Unlike today’s mall, it was a series of outside connected buildings which housed various businesses. The Lincoln Park Plaza at that time included two grocery stores, two department stores (J.C. Penney, and J.L. Hudson), a chocolate candy store (Sanders) and several exclusive men’s and women’s clothing stores. My mother shopped at several of these ladies fashion stores which included Lerner Shops, Winkelman’s, and one known as Vanity Fair. While the brand name Vanity Fair still exists, the store does not.
However, I recently discovered that the name of Vanity Fair does not just refer to women’s clothing but also the following:
- Vanity Fair (novel), an 1848 novel by William Makepeace Thackeray
- Vanity Bonfire Fair, a fictional character from the novel Orphans of Chaos by John C. Wright.
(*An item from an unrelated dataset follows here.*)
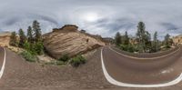 An aerial view of a straight road leading to Zion National Park in Utah. The road stretches through the majestic landscape, with mountains in the foreground. Clear skies create a stunning backdrop for this high position perspective.

- Vanity Fair (1922 film), a silent British film directed by Walter Courtney Rowden.
- Vanity Fair (1923 film), a lost feature film produced by Samuel Goldwyn.
- Vanity Fair (1932 film), a feature film starring Myrna Loy.
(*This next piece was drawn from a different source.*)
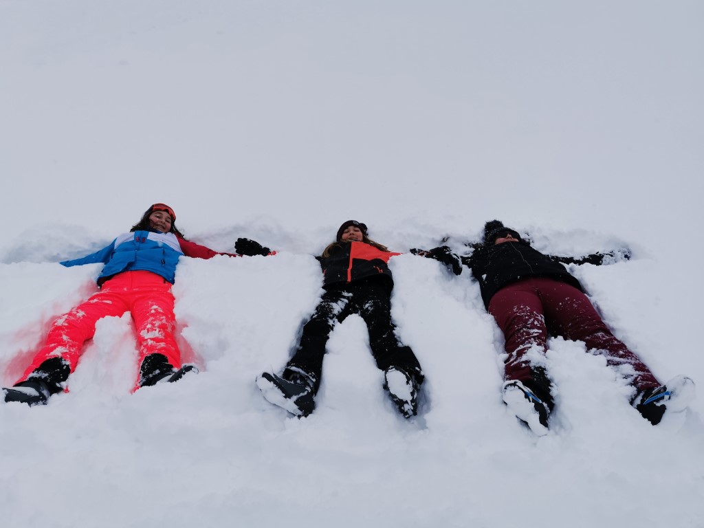 Doch nicht nur die Skifahrerinnen und Skifahrer, sondern auch die Langläuferinnen und Langläufer kämpften sich tapfer durch den Tag. Nach einer etwas längeren Fahrt haben die Sportlerinnen und Sportler der Alternativgruppe einen tollen Platz für ein paar „Schneeengerl“ gefunden.

- Vanity Fair (2004 film), a film starring Reese Witherspoon.
- Vanity Fair (1967 TV serial), a BBC miniseries starring Susan Hampshire.
- Vanity Fair (1987 TV serial), a BBC miniseries featuring James Saxon.
- Vanity Fair (1998 TV serial), a BBC miniseries starring Natasha Little.
- Vanity Fair (British magazine), a weekly British society magazine, 1868-1914, famous for its caricatures.
- Vanity Fair (American magazine 1913–1936), an American society magazine published by Condé Montrose Nast.
- Vanity Fair (magazine) (1983–ongoing), a monthly American magazine of culture, fashion, and politics.
However, before any of these past or current references used the name Vanity Fair, it was first used in 1678 as a place in John Bunyan’s Pilgrim’s Progress. Writes Pastor Derek Thomas:
For John Bunyan, a Puritan to his fingertips, the Christian life was an experience of conflict and tension with this world (the flesh and the devil). Imprisoned for upwards of twelve years, he experienced firsthand the world’s hostility. Cheerful and sanguine (happy) by temperament, his portrayal of what believers can expect from this world is both solemn (serious) and dark: the path that leads to the Celestial City (heaven) winds through unavoidable places of considerable, even deadly, danger — places like the town called Vanity with its “lusty Fair.” Here, all the resources of protection and resolution will be needed to prevent contamination and possible destruction.
Christian, in Bunyan’s allegory, is both a pilgrim on a road-trip to heaven and a warrior in conflict with temptations from within (indwelling sin) and without (the world in its opposition to all things godly along with the devil). It is a principle that God teaches Christian early in the journey that every believer can expect to be both fascinated by and drawn towards the world. The world refers to the fallen world system which is hates God and His followers. (John 15:18-25).